神戸市議が政務活動費の架空委託を認める


 神戸市議会の会派「自民党神戸」が政務活動費から調査委託費として業者に不透明な支出をしていた問題で、委託を担当した大野一市議(62)と業者の双方の弁護士が「委託は架空だった」と認めていることが、29日分かった。同日開かれた市議会の会派代表者会議で報告された。

会派の団長を務めた市議らが両弁護士から聞き取りを実施。業者側は「調査はしていないし、金も受け取っていない」とし、大野市議の求めに応じて白紙の領収書を渡すなどしたと説明した。大野市議が業者から受け取ったとしていた調査報告書の作成も否定した。大野市議の弁護士もこうした内容を認めたという。

〔共同〕

かねてより問題になっていた神戸市議会の自民党会派による政務活動費架空支出問題ですが、業務委託を担当した議員が架空委託を認めたようです。
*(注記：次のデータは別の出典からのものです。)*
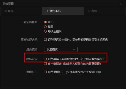 第五步:切换到"控制本机"菜单栏,找到"隐私设置"项,默认情况下,"启用黑屏"选项是"禁用"状态的。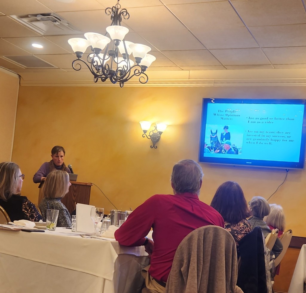 In the same week ENYDCTA hosted their annual banquet and awards ceremony. It was held at a local restaurant and we hosted Andrea Waldo as the keynote speaker. Andrea wrote my favorite book, “Brain Training For Riders” (The Sunday Review: Brain Training For Riders by Andrea Monsarrat Waldo). After dinner and Andrea’s talk, I approached her to sign my book. I nervously talked her ear off as I told her about how this book changed my life. Over the years I had taken a few scary falls that had built up tremendous anxiety in me, and this book turned it around. I also told her about my spill with Stanley (the boot is a real talking point).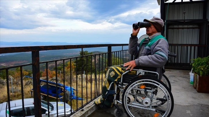 "Eskişehir Orman Bölge Müdürlüğü benim için kuleye asansör yaptırdı. Onlardan Allah razı olsun. 33 yıldır bu kuledeyim. Ormanları sevdiğim için ayrılamadım. Buranın havası temiz. Gözlerim de çok iyi görüyor. Çifteler ilçesi sınırında yangınlar olmuştu, oralardaki dumanı bile fark edip yetkililere bildirdim. Dürbünle ormanı gözetlediğim sırada daha duman çıkarken gördüm, bildirmemin ardından yangın büyümeden söndürüldü. Sağlam bir insandan daha sağlıklıyım. Sabah saat 09.00'da kuledeki balkona çıkarım. Hava kararana kadar dışarıyı, ormanlık alanları gözetlerim. Kuleye alıştığım için günün nasıl geçtiğini anlayamıyordum. Köyde olsaydım canım sıkılırdı. Burada hiç canım sıkılmıyor. Artık emekli oldum. Bundan sonra evde oturacağım. Engelli olmasaydım başka bir yerde iş yapabilirdim."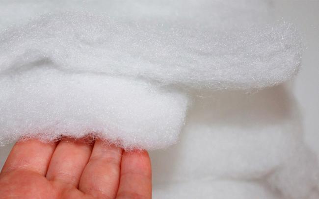 Этот вариант считается одним из лучших в синтетическом классе. Он представляет собой нетканый компонент, который состоит из волокон, имеющих спиралевидную форму. В основе холлофайбера — полиэстер, причем 100%. Он не станет причиной проблем со здоровьем, не спровоцирует развитие аллергии, не издает никаких запахов и неплохо проводит и сберегает тепло. Такие вещи можно своими руками стирать, они могут управлять теплообменом и очень легкие. Цена у них приятная.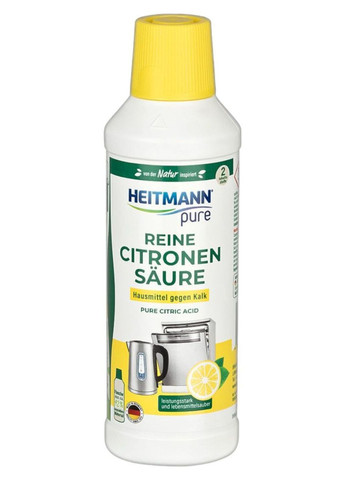 Жидкое средство для удаления накипи Heitmann Pure Reine Citronensäure 500 мл – экологически чистое и эффективное средство на основе чистой лимонной кислоты, предназначенное для удаления известкового налёта и накипи с бытовых приборов и поверхностей. Идеально подходит для чайников, кофеварок, стиральных машин, утюгов, кранов и душевых лейек. Средство не имеет резкого запаха, действует мягко, но эффективно, не повреждая материалы. ✔ 100% чистая лимонная кислота ✔ Подходит для чайников, кофеварок, стиральных машин, ванных ✔ Безопасно для кухонной техники ✔ Без запаха и красителей ✔ Объём: 500 мл Способ применения: Использовать согласно инструкции на упаковке в зависимости от типа прибора. Обычно разводится с водой, оставить на 5–30 минут, затем тщательно промыть.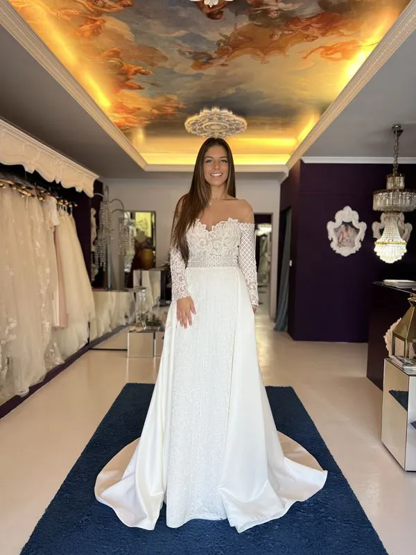 O Calipso é uma peça única, tamanho M, criada para a noiva que busca elegância, sobriedade e delicadeza no seu grande dia. Com um design pensado para proporcionar conforto e sofisticação, é o modelo ideal para casamentos em outono ou inverno, garantindo charme e aconchego em cada detalhe.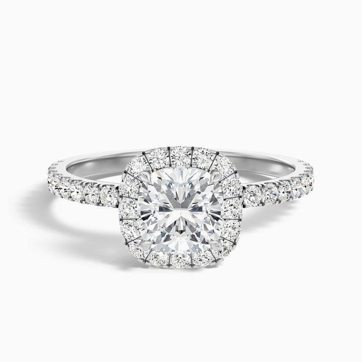 June 1 Carat Cushion Cut Halo Pave Lab Grown Diamond Ring in 18k White Gold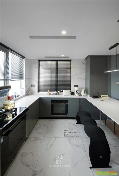原本入戶是局促的廚房空間,我們敲掉廚房與書房的隔墻,做成開放式餐廚空間,這樣廚房就能擁有三面窗,擴(kuò)大使用空間和采光面積杭州裝修設(shè)計(jì)。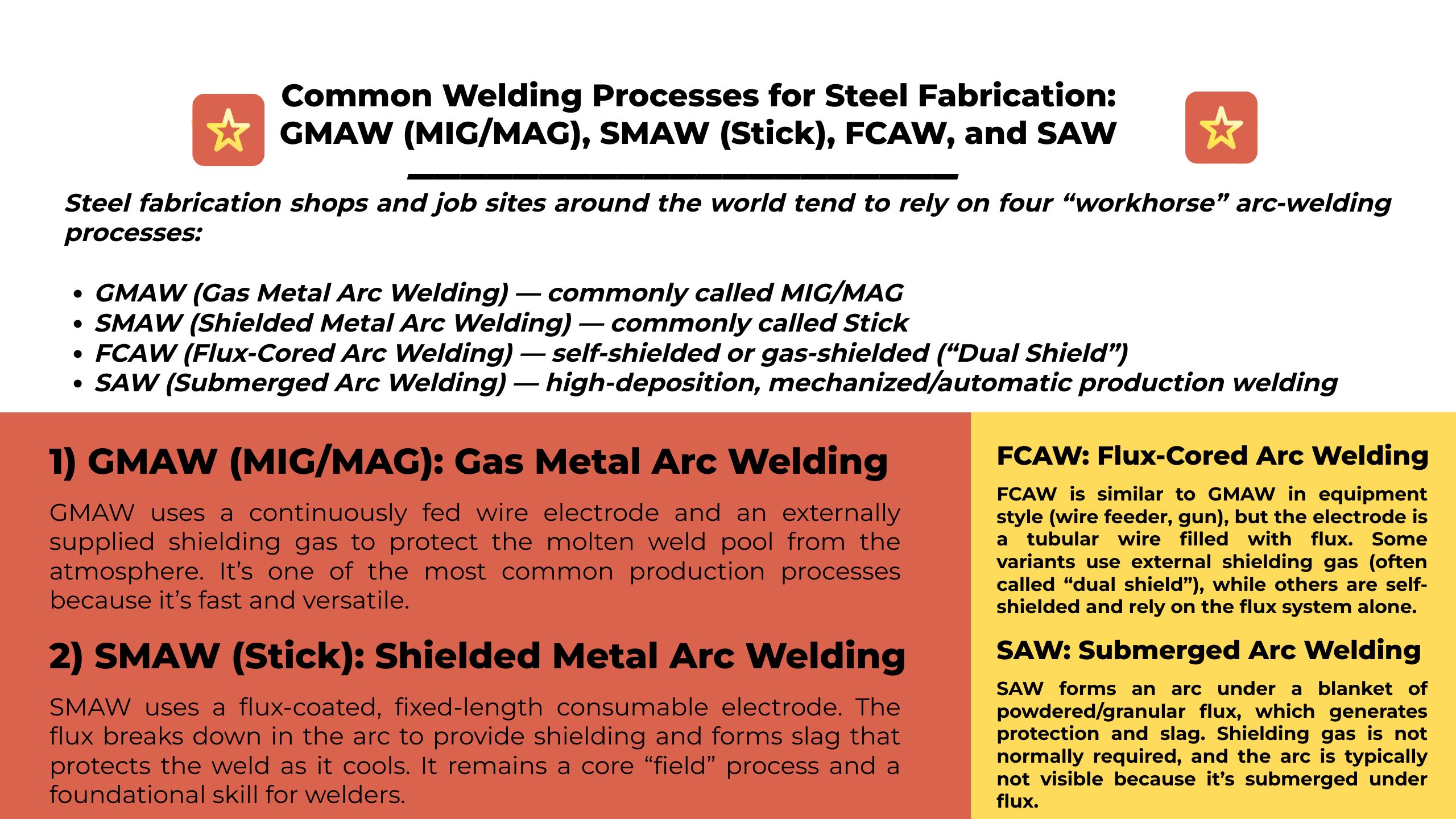 Steel fabrication shops and job sites around the world tend to rely on four “workhorse” arc-welding processes: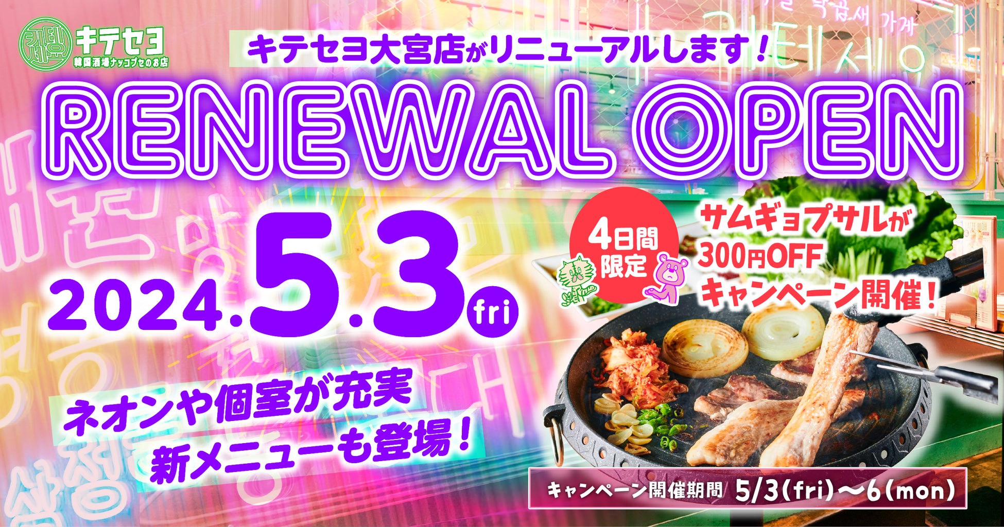 韓国カルチャーを五感で楽しめる『韓国料理ナッコプセのお店キテセヨ』大宮店が5月3日に大幅リニューアルオープン!5月3日~6日の4日間は定番メニューのサムギョプサルが300円OFFのキャンペーンも!

架空の委託を捏造し、市から政務活動費を騙し取ったとすれば、詐欺罪が成立する可能性が高いです。神戸市が含まれる兵庫県では、昨年に県議会議員の政務活動費支出に関して問題があったばかりです。

政務活動費は、地方議員の調査能力を向上させる目的で導入された制度です。議会活動に役立つ使い方が求められますが、一部の議員にとっては第二の報酬という認識しかないのでしょう。

政務活動費に関する収支報告書提出を厳格に求め、議会と有権者によるチェックに委ねることが必要と言えるでしょう。